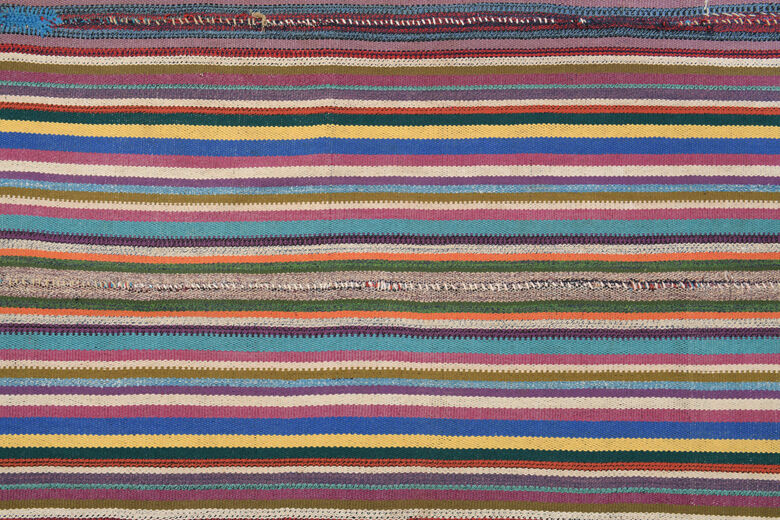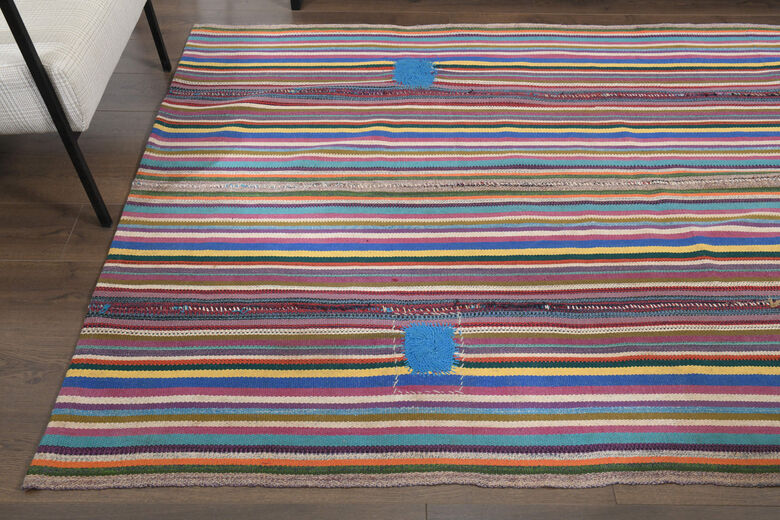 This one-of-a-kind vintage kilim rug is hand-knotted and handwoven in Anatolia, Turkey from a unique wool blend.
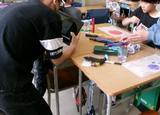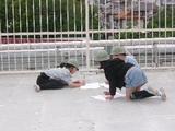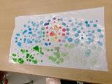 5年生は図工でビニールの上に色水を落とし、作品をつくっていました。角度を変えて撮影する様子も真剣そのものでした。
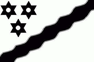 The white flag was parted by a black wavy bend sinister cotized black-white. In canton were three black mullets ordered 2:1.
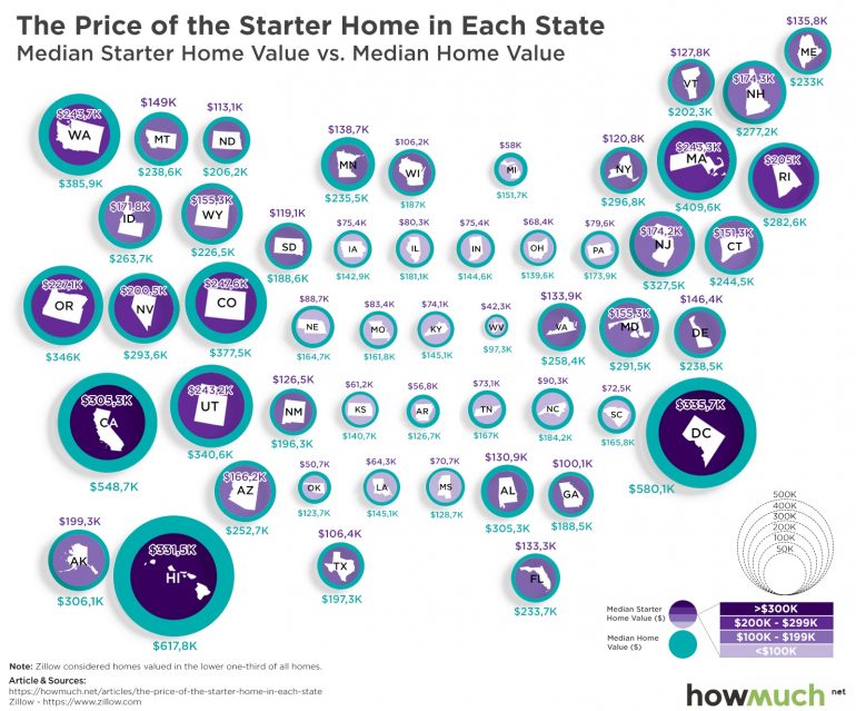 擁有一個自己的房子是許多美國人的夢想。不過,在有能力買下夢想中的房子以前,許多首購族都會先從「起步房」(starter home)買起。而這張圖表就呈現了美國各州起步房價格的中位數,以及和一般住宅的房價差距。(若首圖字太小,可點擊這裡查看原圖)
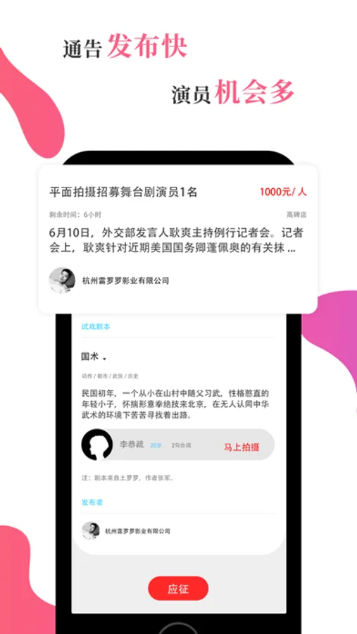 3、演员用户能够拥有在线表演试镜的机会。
* * *
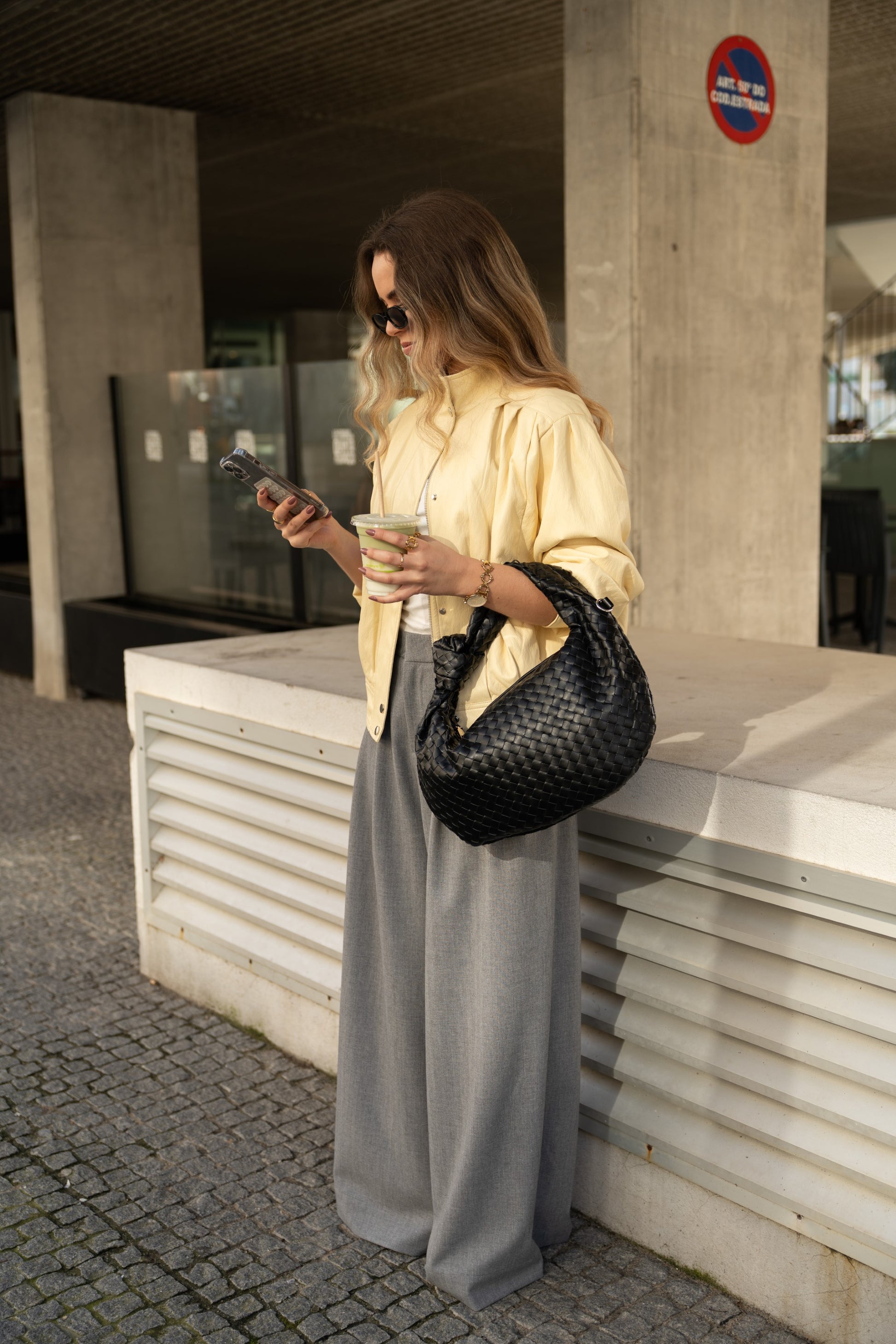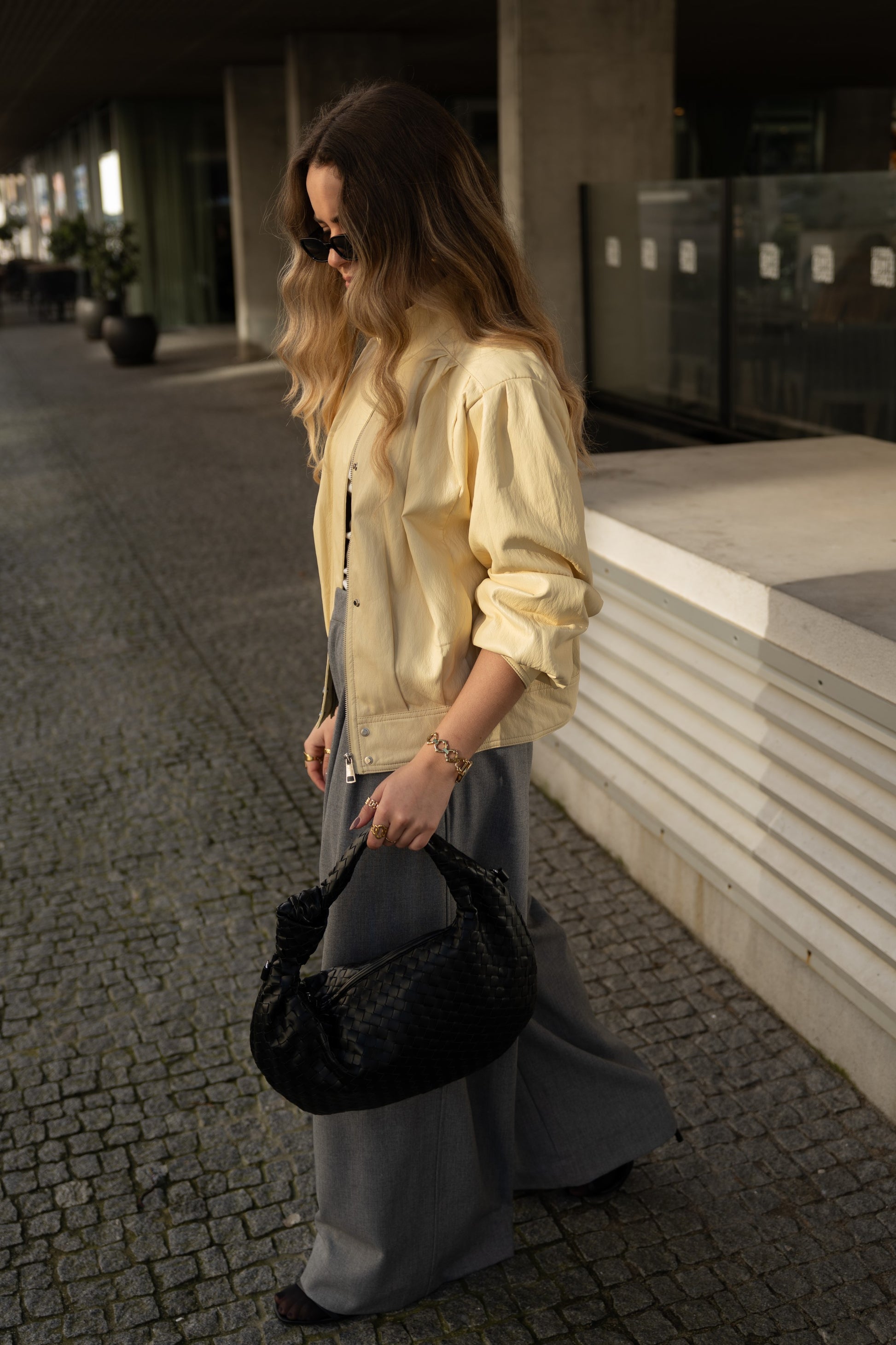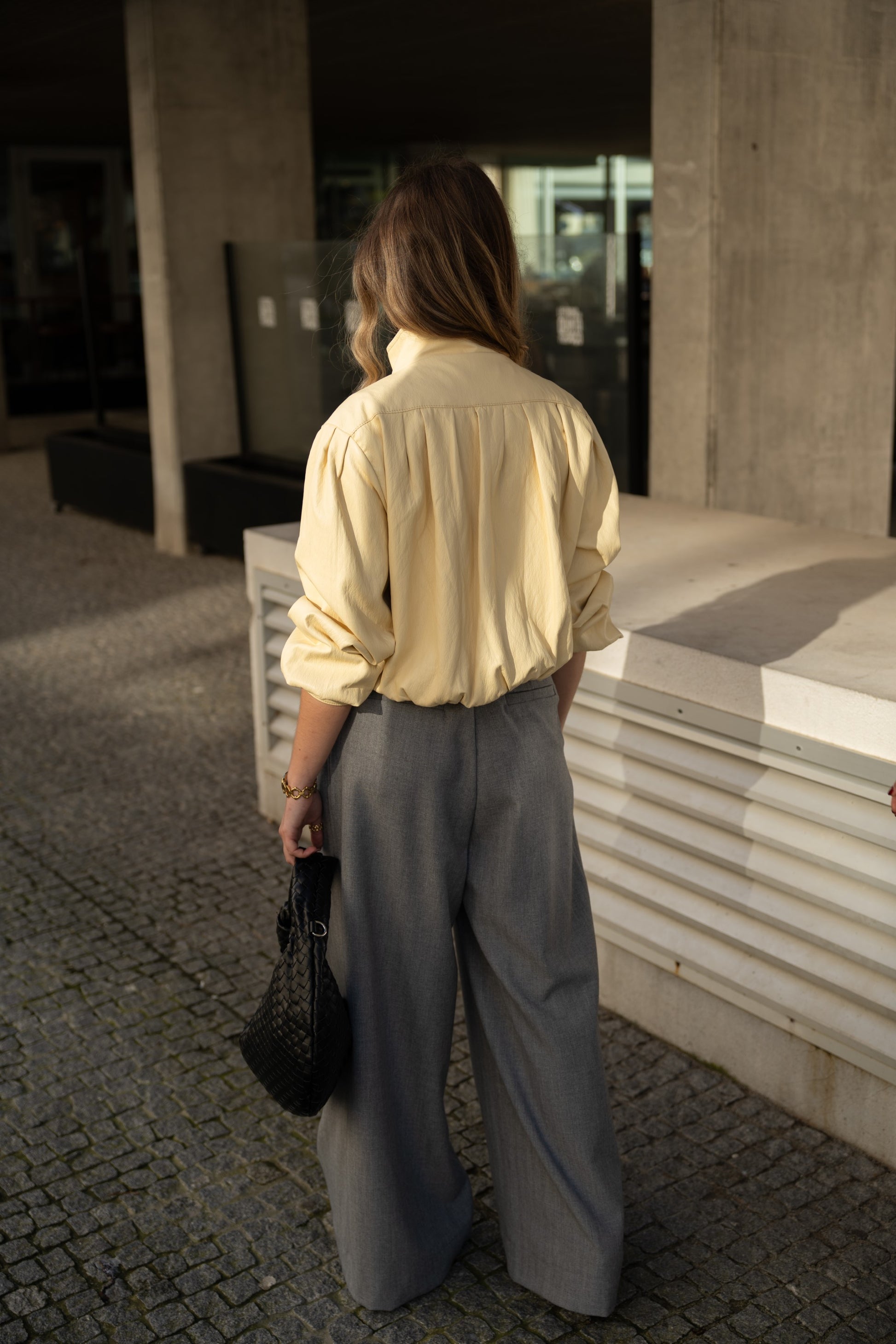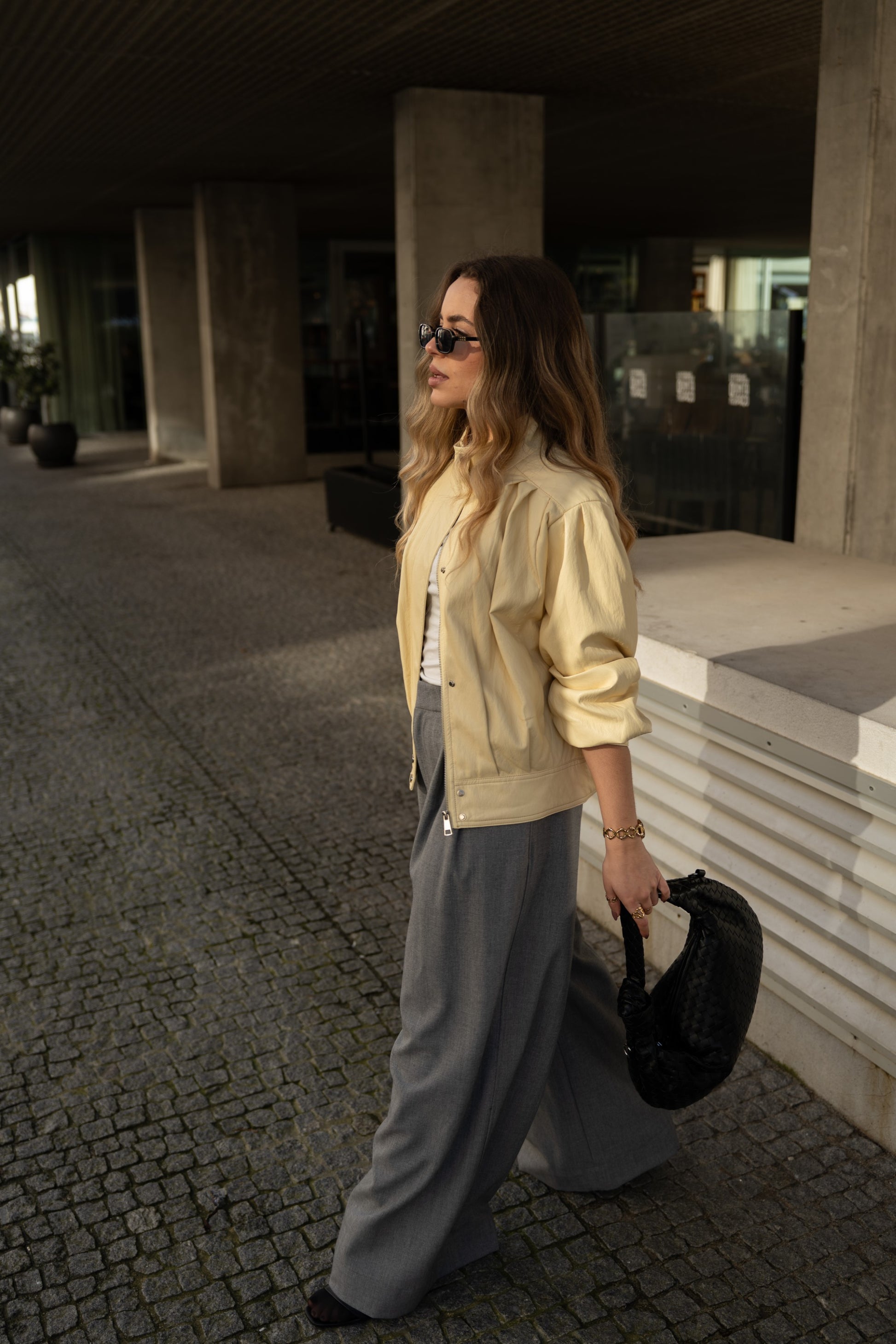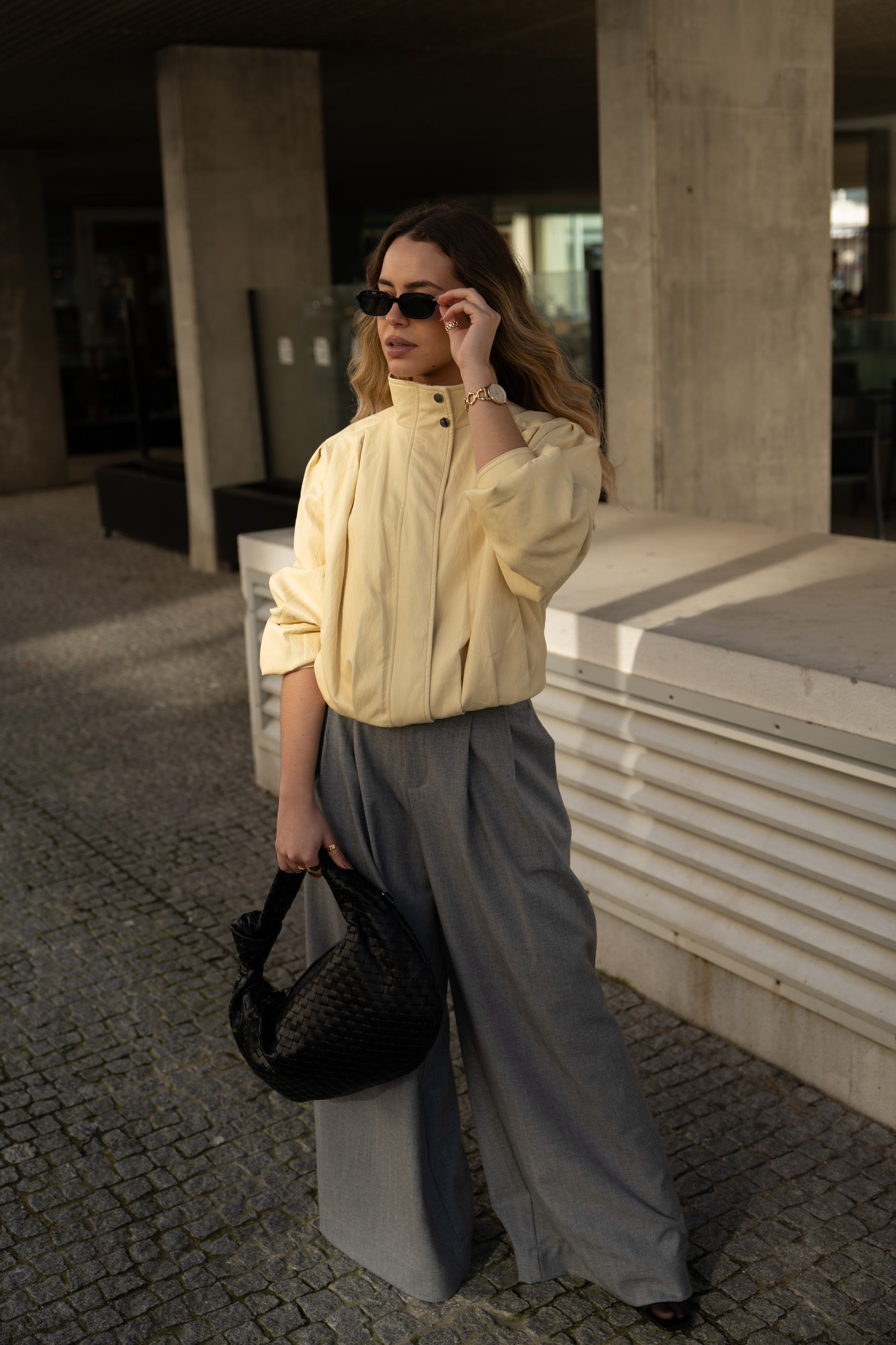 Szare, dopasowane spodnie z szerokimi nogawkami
---
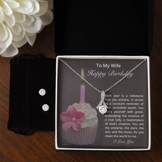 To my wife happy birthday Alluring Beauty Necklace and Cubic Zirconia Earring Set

- _Task_
Print everything from the line with "5年生は図工でビニールの上に" down to the line with "3、演员用户能够拥有在线表演试镜的机会。" in the entries above, both lines included and nothing more, without the pictures.

- _Output of the exercise_
 5年生は図工でビニールの上に色水を落とし、作品をつくっていました。角度を変えて撮影する様子も真剣そのものでした。
 The white flag was parted by a black wavy bend sinister cotized black-white. In canton were three black mullets ordered 2:1.
 擁有一個自己的房子是許多美國人的夢想。不過,在有能力買下夢想中的房子以前,許多首購族都會先從「起步房」(starter home)買起。而這張圖表就呈現了美國各州起步房價格的中位數,以及和一般住宅的房價差距。(若首圖字太小,可點擊這裡查看原圖)
 3、演员用户能够拥有在线表演试镜的机会。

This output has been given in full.